Influence of magnetic field on biopothane of leguminous seeds

Authors

  • V. Savchenko National University of Life and Environmental Sciences of Ukraine image/svg+xml
  • O. Sinyavsky National University of Life and Environmental Sciences of Ukraine image/svg+xml
  • I. Garas National University of Life and Environmental Sciences of Ukraine image/svg+xml

DOI:

https://doi.org/10.31548/energiya2018.06.006

Abstract

Pre-sowing seed treatment in a magnetic field has advantages over other electrotechnical methods. Installations used for magnetic processing of seeds, characterized by high productivity, are safe for maintenance personnel and the environment.

However, the lack of explanation of the effect of the magnetic field on the processes occurring in the seed, does not allow to establish all the effective factors in the magnetic processing of seeds and determine their optimal values.

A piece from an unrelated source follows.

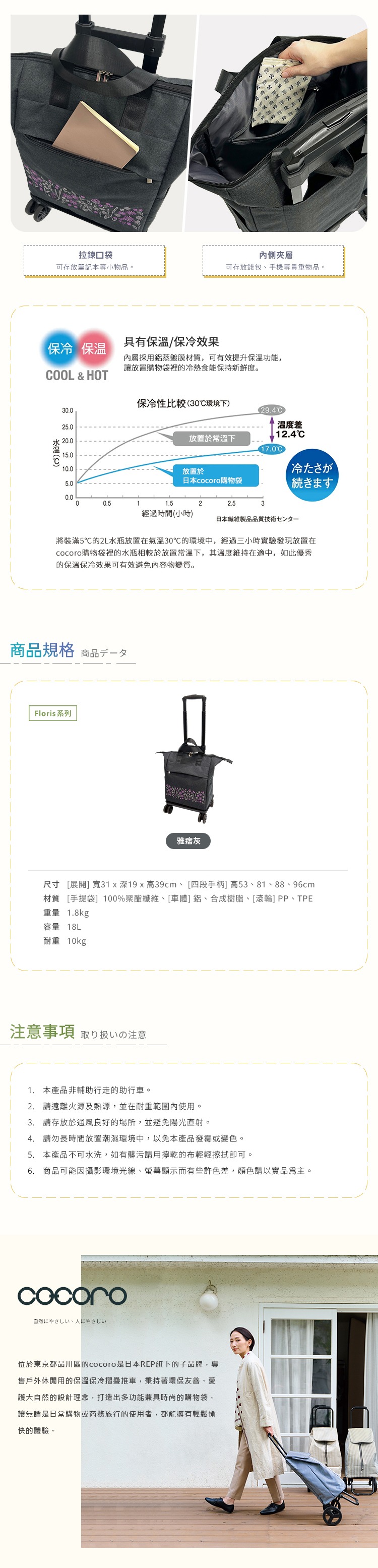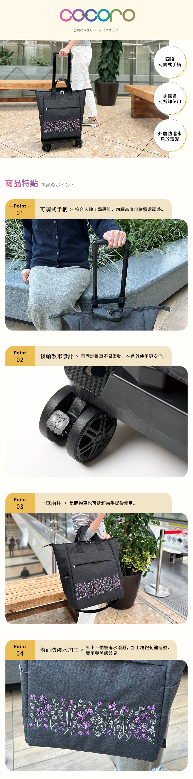 材質:[手提袋]100%聚酯纖維、[車體]鋁、合成樹脂、[滾輪]PP、TPE

Currently, the general disadvantage of existing methods of electromagnetic stimulation is the lack of an instrumental definition of the dose of treatment. Its optimum value is determined by yield, which depends to a large extent on agro-climatic factors, soil fertility, applied cultivation technology, etc. Therefore, in order to determine the most effective modes of magnetic processing of seeds, it is necessary to develop a method for indicating its effect.

The purpose of the study is to determine the influence of the magnetic field on the change in the biopotential of legume seeds.

Seeds of plants undergo a variety of chemical and biochemical reactions, which are predominantly oxidative-reducing.

Experimental investigations of the influence of the magnetic field on the biopotential of the seeds were carried out with seeds of peas of the "Adagumsky" variety and beans of the "Gribovsky" variety.

Seeds were transported on a conveyor through a magnetic field created by four pairs of permanent magnets from the NdFeB intermetallic composite, mounted in parallel above and below the conveyor belt with variable polarity.

Magnetic induction was controlled by changing the distance between the magnets and measured by a tetrameter 43205/1. The speed of the seed movement through the magnetic field is regulated by changing the speed of the conveyor belts by changing the speed of the drive asynchronous motor by means of a frequency converter.

Seed treated in a magnetic field was sprouted and the values of ORP of germs were measured.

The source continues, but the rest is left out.